Hint: We will make a rough diagram to understand the position of the balloon and the angle of elevation from the eyes of the girl. Then we will use trigonometric functions and their definitions to obtain relations between sides of triangles. Using these relations and the values of trigonometric functions for standard angles, we will find the distance travelled by the balloon in the interval.

Complete answer:
Let us look at a rough diagram that represents the balloon, the observer and the angles of elevation.
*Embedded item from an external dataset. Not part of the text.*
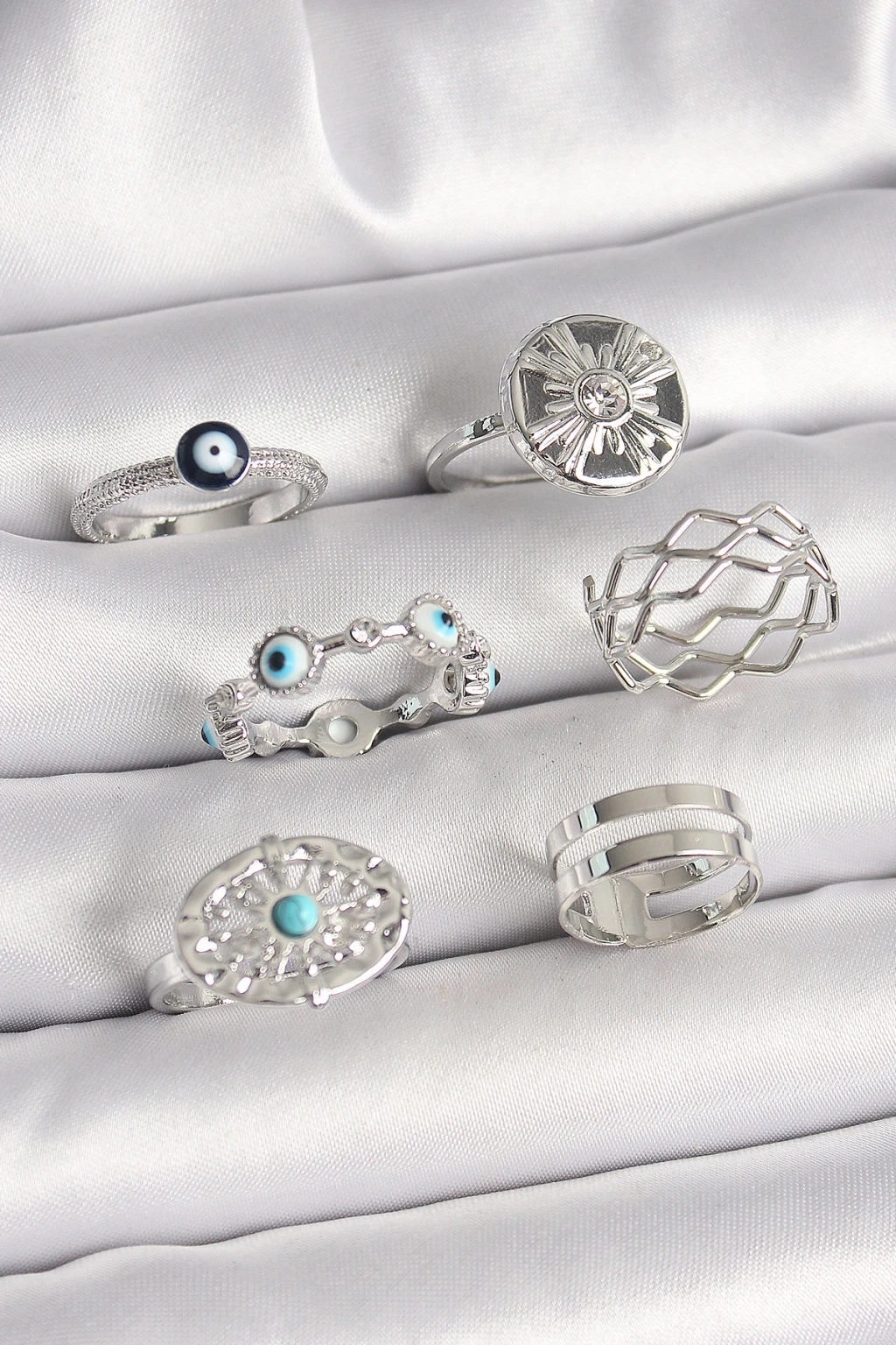 Pirinç Gümüş Renk Nazar Boncuk Zirkon Taş Detaylı Dalga Figür Kadın Yüzük Kombini - TJ-BYK3653
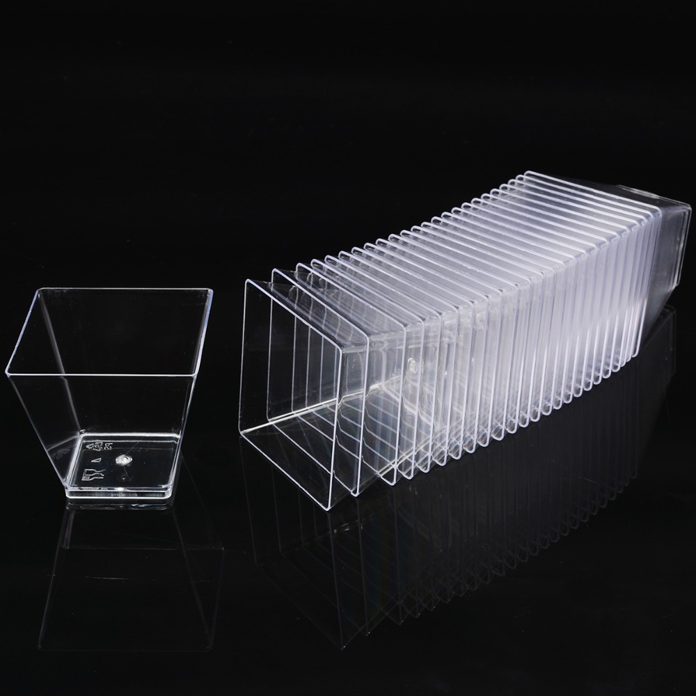 Material: PSProduct weight: 5.1g/pieceProduct size: cup mouth length 5 cup bottom length 2.8 height 4.5cmProduct capacity: 60ml/2oz

The figure looks like the following,
   

According to the figure and the given information we have the segment CD as the girl, so $\text{CD}=1.3\text{ m}$. Point F is the initial place where the balloon was seen by the girl. So, we have $\text{EF}=91.3\text{ m}$ and the angle of elevation as $\angle \text{FDI}=60{}^\circ $. Then the balloon travels to point H and the angle of elevation is $\angle \text{HDI}=30{}^\circ $. Also, we have $\text{EF}=\text{GH}=91.3$. We have to find the length of segment FH which is also the same as segment JI.
We know that $\tan \theta =\dfrac{\text{Opposite}}{\text{Adjacent}}$. Now, let us consider $\Delta \text{FDJ}$. In this triangle, we have
$\tan 60{}^\circ =\dfrac{\text{FJ}}{\text{DJ}}$
From the figure, we can see that $\text{FJ}=\text{EF}-\text{EJ}$ and $\text{EJ}=\text{CD}=1.3$. Also, $\tan 60{}^\circ =\sqrt{3}$ and $\text{EF}=91.3$. Substituting these values in the above expression, we get
$\begin{align}
  & \sqrt{3}=\dfrac{91.3-1.3}{\text{DJ}} \\
 & \therefore \text{DJ}=\dfrac{90}{\sqrt{3}} \\
\end{align}$
Next, let us consider the triangle $\Delta \text{HDI}$. In this triangle, we have
$\tan 30{}^\circ =\dfrac{\text{HI}}{\text{DI}}$
We know that $\tan 30{}^\circ =\dfrac{1}{\sqrt{3}}$. From the figure, we can see that $\text{HI}=\text{FJ}$ and $\text{DI}=\text{DJ}+\text{JI}$. Substituting $\tan 30{}^\circ =\dfrac{1}{\sqrt{3}}$, $\text{HI}=90$ and $\text{DJ}=\dfrac{90}{\sqrt{3}}$ in the above expression, we get
$\dfrac{1}{\sqrt{3}}=\dfrac{90}{\left( \dfrac{90}{\sqrt{3}}+\text{JI} \right)}$
From the figure, we can see that we have to find the length of segment FH which is also the same as segment JI. Rearranging and solving the above equation, we get
$\begin{align}
  & \dfrac{90}{\sqrt{3}}+\text{JI}=90\sqrt{3} \\
 & \Rightarrow \text{JI}=90\sqrt{3}-\dfrac{90}{\sqrt{3}} \\
 & \Rightarrow \text{JI}=\dfrac{90\sqrt{3}\times \sqrt{3}-90}{\sqrt{3}} \\
 & \Rightarrow \text{JI}=\dfrac{270-90}{\sqrt{3}} \\
 & \therefore \text{JI}=\dfrac{180}{\sqrt{3}}\text{ m} \\
\end{align}$
Hence, the distance travelled by the balloon in the interval is $\dfrac{180}{\sqrt{3}}\text{ m}$ .

Note:
It is useful to be familiar with the trigonometric ratios of standard angles for such types of questions. It is essential that we draw a rough figure. The diagram helps us to determine the sides between which we want a ratio and therefore, helps us choose a trigonometric function accordingly. Similar to the angle of elevation, there is a concept of the angle of depression as well.